Próby zbudowania rasowego samochodu z silnikami elektrycznymi nie ustają. Tym razem współpraca Japończyków z Infiniti z Anglikami zaowocowała prototypem Emerg-e. Zasłużyli na Nobla czy naganę? Zwykle producenci unikają wpuszczania dziennikarzy za kierownicę prototypów. Oczywistych powodów jest kilka. Nie chcą ujawniać innowacyjnych rozwiązań, unikają ryzyka uszkodzenia oraz dbają o jak najlepszy wizerunek. Prototypy przecież nie są samochodami ukończonymi z technicznego punktu widzenia i często nie pozostawiają dobrego wrażenia po jazdach.
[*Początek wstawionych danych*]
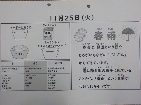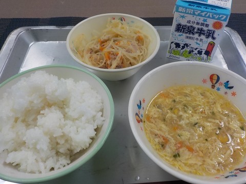 今日の献立は、ちゅうかふうたまごとコーンのスープ、マーボーはるさめ、ごはん、牛乳です。
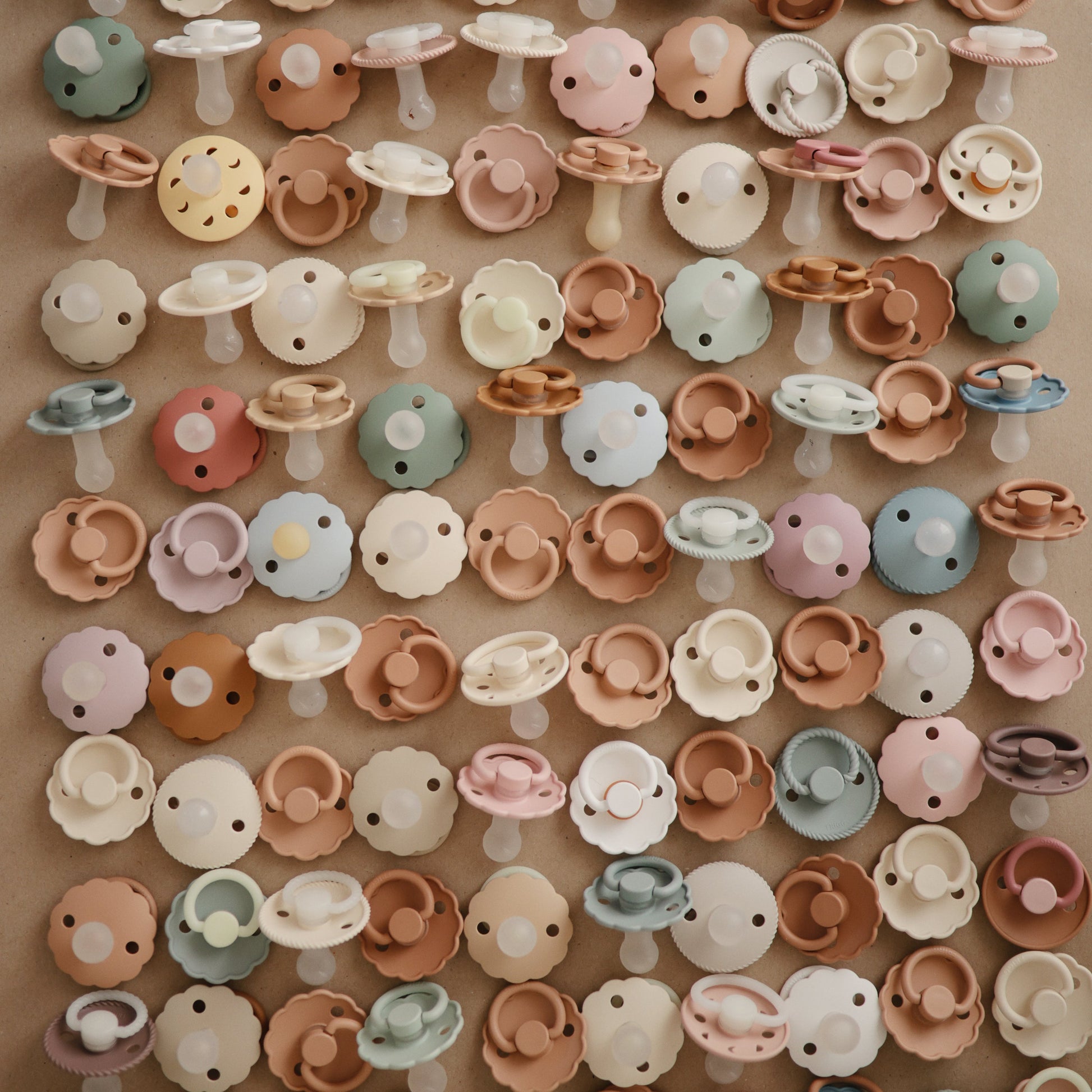 - What's included: 1 set of 2 FRIGG Daisy Night silicone pacifiers
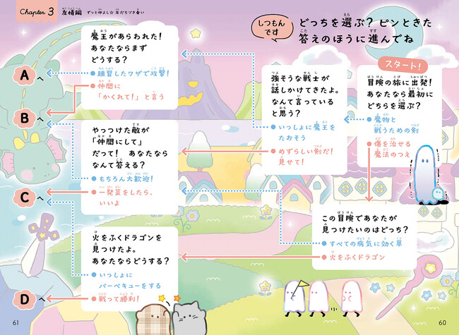思わず答えたくなる楽しい質問と、ドキッとする深~い診断、キュートなイラストが盛りだくさん。心理テストは「性格」「友情」「恋愛」「未来」の4テーマで、「あなたはどのオバケーヌタイプ?」がわかるキャラクター診断や、オバケーヌのキャラ図鑑も収録しています。
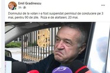 „Domnului de la volan i-a fost suspendat permisul de conducere pe 3 mai, pentru 90 de zile. Poza e de alaltăieri, 20 mai” a postat comentatorul sportiv Emil Grădinescu pe Facebook, imaginea fiind sugestivă: Becali la volanul unui Maybach. Grădinescu a completat, la comentarii: „Dovada a expirat in 18 mai. Poza e facuta 2 zile mai târziu. Dacă a contestat în instanță, a trebuit să ia dovada contestației de la grefa tribunalului și să o depună la poliție. Sunt curios dacă a făcut asta”.
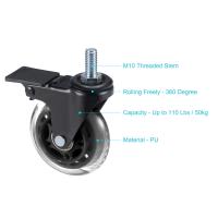 uxcell キャスターホイール スイベルステムキャスター スイベルキャスターホイール PU ブレーキ付き M10ねじステム付き ブラック
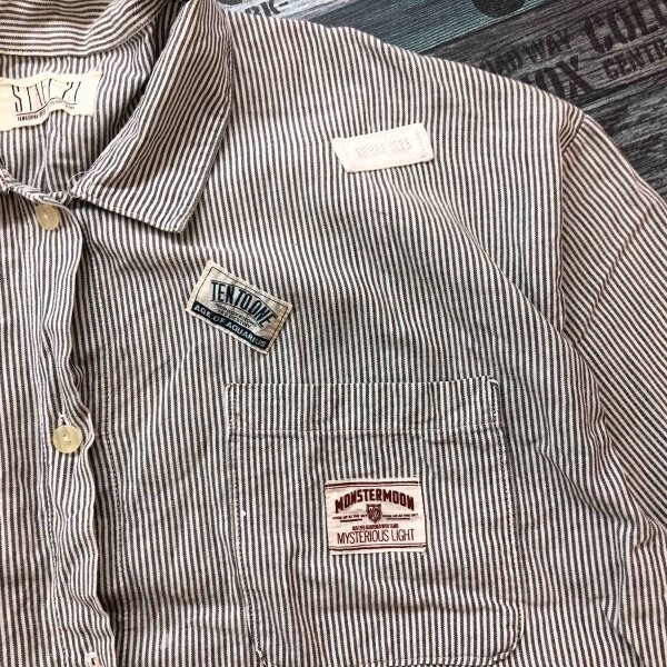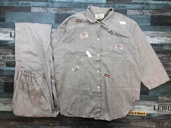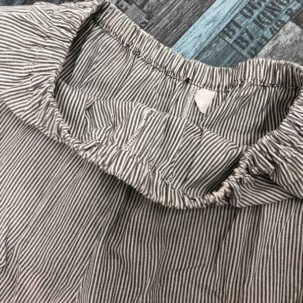 STAFF 21 レディース 胸ポケット ストライプ 前ボタン ルームウェア 上下セットアップ グレー白 です。
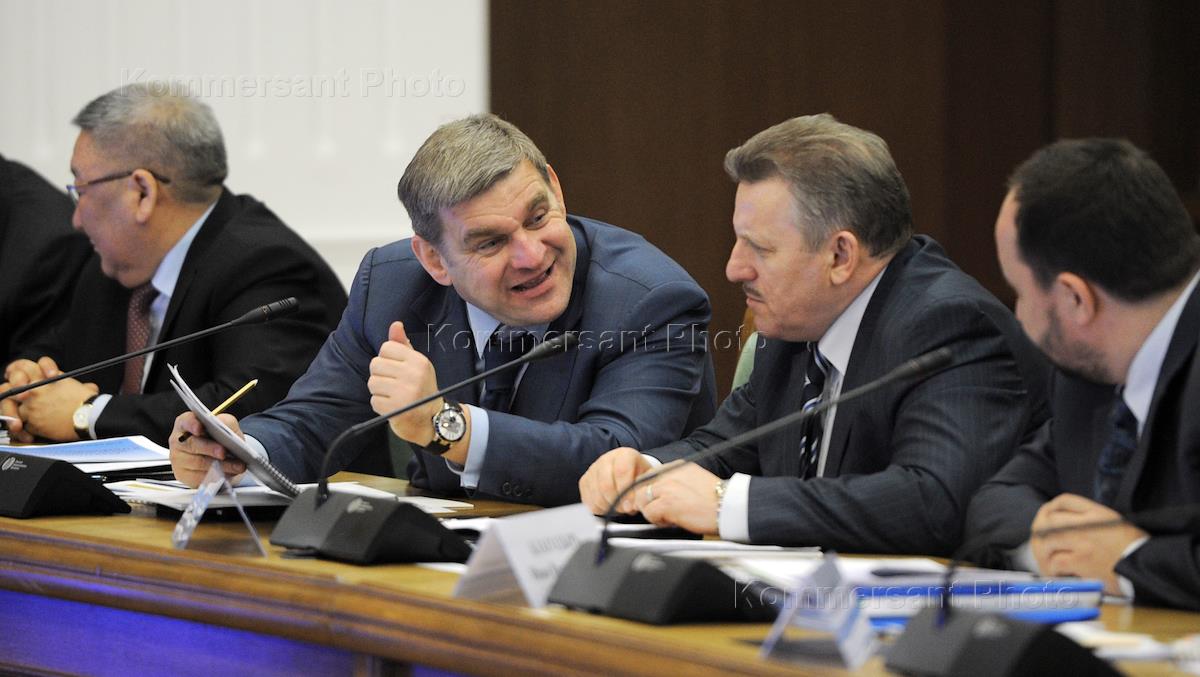 Губернатор Приморского края Сергей Дарькин (второй слева) и губернатор Хабаровского края Вячеслав Шпорт (второй справа) на совещании о комплексном развитии топливно-энергетического комплекса Восточной Сибири и Дальнего Востока.
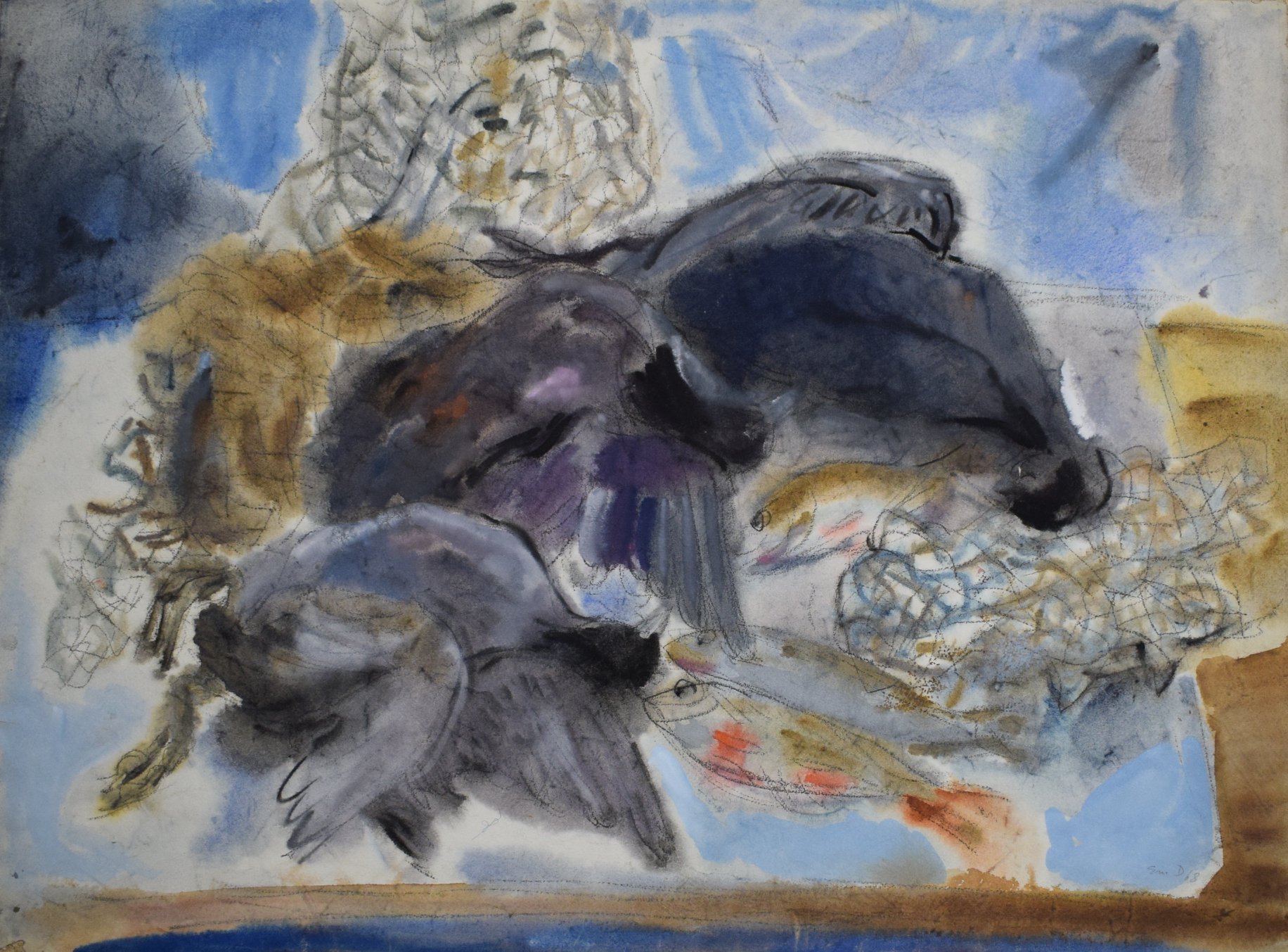 Emilia Dumitrescu | „Vânat” | 1968 | cărbune și acuarelă pe hârtie | Muzeul Brăilei „Carol I”.
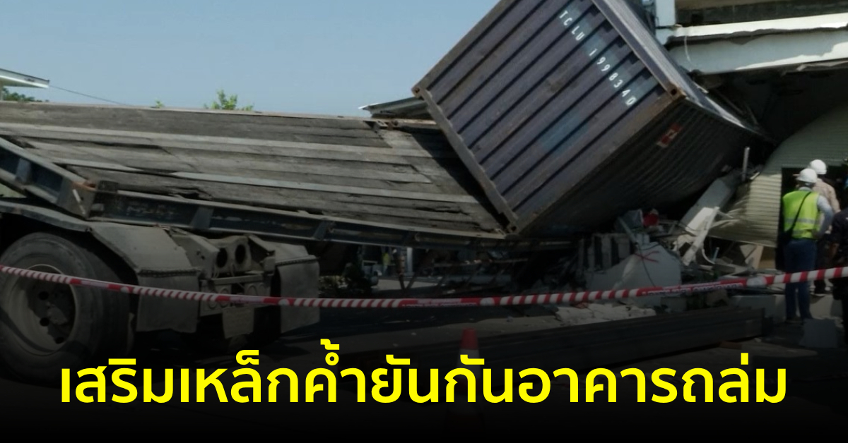 6 เม.ย. – เหตุรถพ่วง 18 ล้อ บรรทุกตู้คอนเทนเนอร์ เสียหลักพุ่งชนอาคารพาณิชย์ ย่านฝั่งธนบุรี จนตัวอาคารเสียหายอย่างหนัก เจ้าหน้าที่ยังไม่สามารถเคลื่อนย้ายรถออกจากอาคารได้ หวั่นอาคารพังถล่มลงมา.-สำนักข่าวไทย
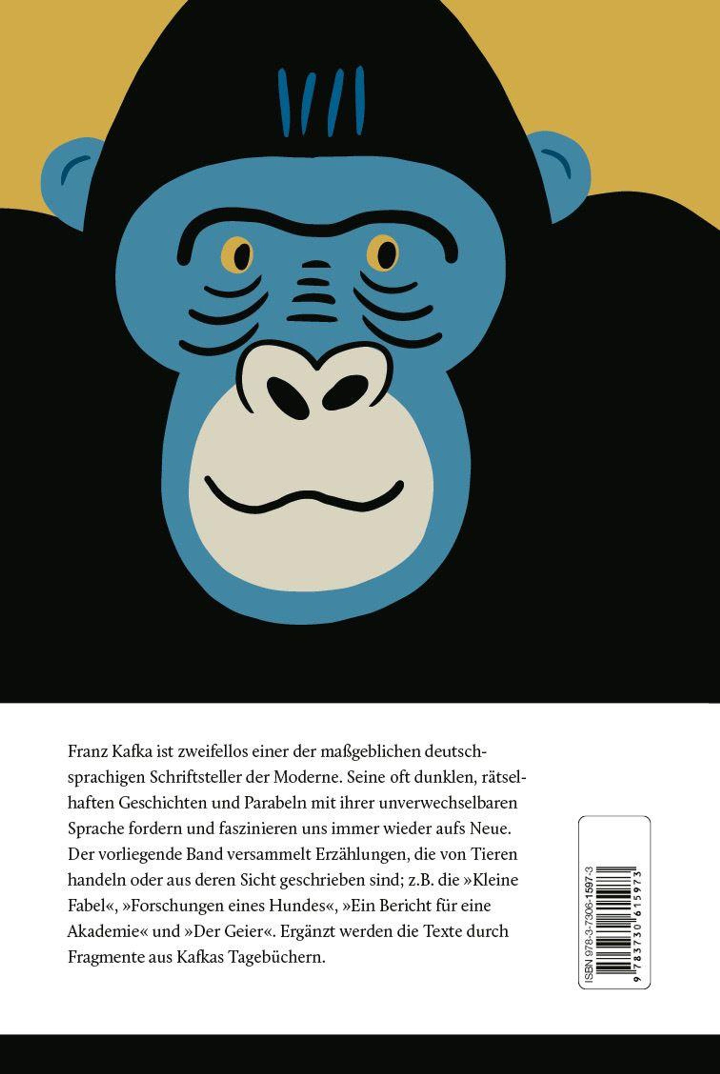 Franz Kafka, Tiergeschichten. Illustration: Ein stilisierter Gorilla mit blauem Gesicht auf gelbem Hintergrund., Buch
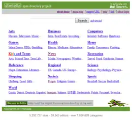 إحتوى على حوالي خمسة ملايين موقع على الإنترنت مؤرشف بطريقة يدوية تعتمد على محررين متطوعين يزيد عددهم عن 90000 محرراً
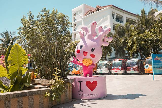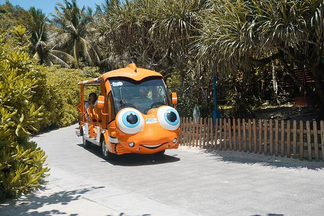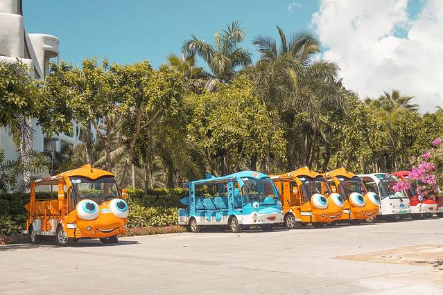 因为天气酷热的原因,我们打算就在这里纯走走。来到这里就像是来到童话世界,因为这里有很多可爱的卡通呀~这卡哇伊的海洋萌物应该是园区的代表人物吧。大到景区门口都是它的雕像,小到垃圾桶;电瓶车都是它的模样。
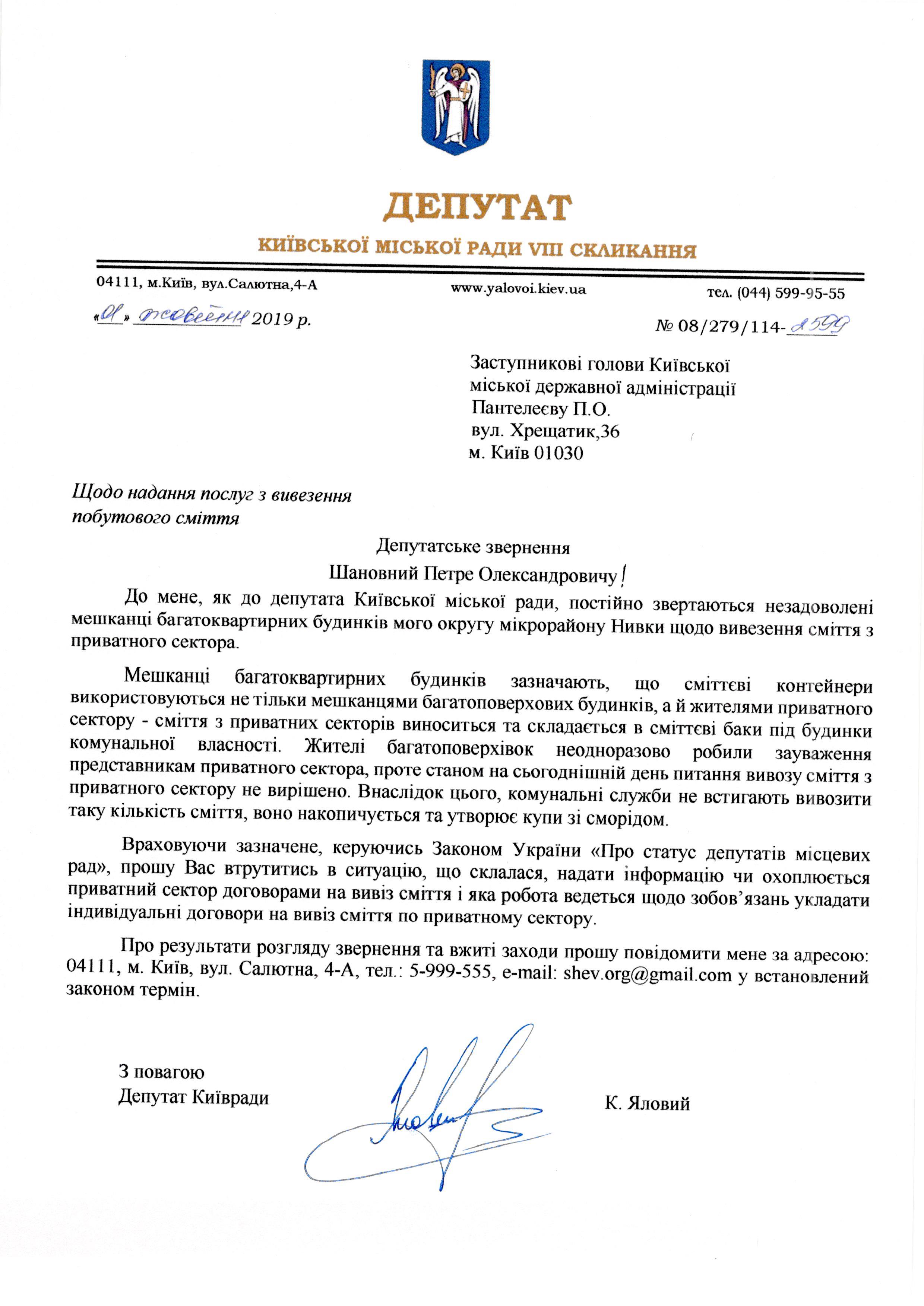“Ко мне, как к депутату Киевского городского совета, постоянно обращаются недовольные жители многоквартирных домов моего округа микрорайона Нивки по поводу вывоза мусора из частного сектора”, – пишет Яловой в депутатском обращении.

Patrzę na koncepcyjne Infiniti Emerg-e i mam wrażenie, że z zewnątrz jest jak najbardziej dopracowane. Jesteśmy na pilnie strzeżonym torze testowym Millbrook, gdzie przed wjazdem pieczętowałem podpisem deklarację, że nie wyniosę tajemnic, jakie kryje to miejsce. Tu testuje się prototypy, a pod osłoną nocy rozbija Astony Martiny. To właśnie w Millbrook James Bond dachował czarnym DBS-em w „Casino Royale”. Ogrodzony obszar kryje m.in. wymagającą trasę zwaną Drogą Alpejską, której ukształtowanie potrafi w ciągu kilku minut obnażyć słabości podwozia. Można tu spotkać bardzo trudne technicznie zakręty, w tym jeden ślepy, nie mniej ślepy od tego z toru Laguna Seca. To właśnie tu kręcono słynną scenę wypadku do filmu z Bondem. Wyrzutnie w momencie omijania leżącej na asfalcie Evy Green katapultowały DBS-a w powietrze.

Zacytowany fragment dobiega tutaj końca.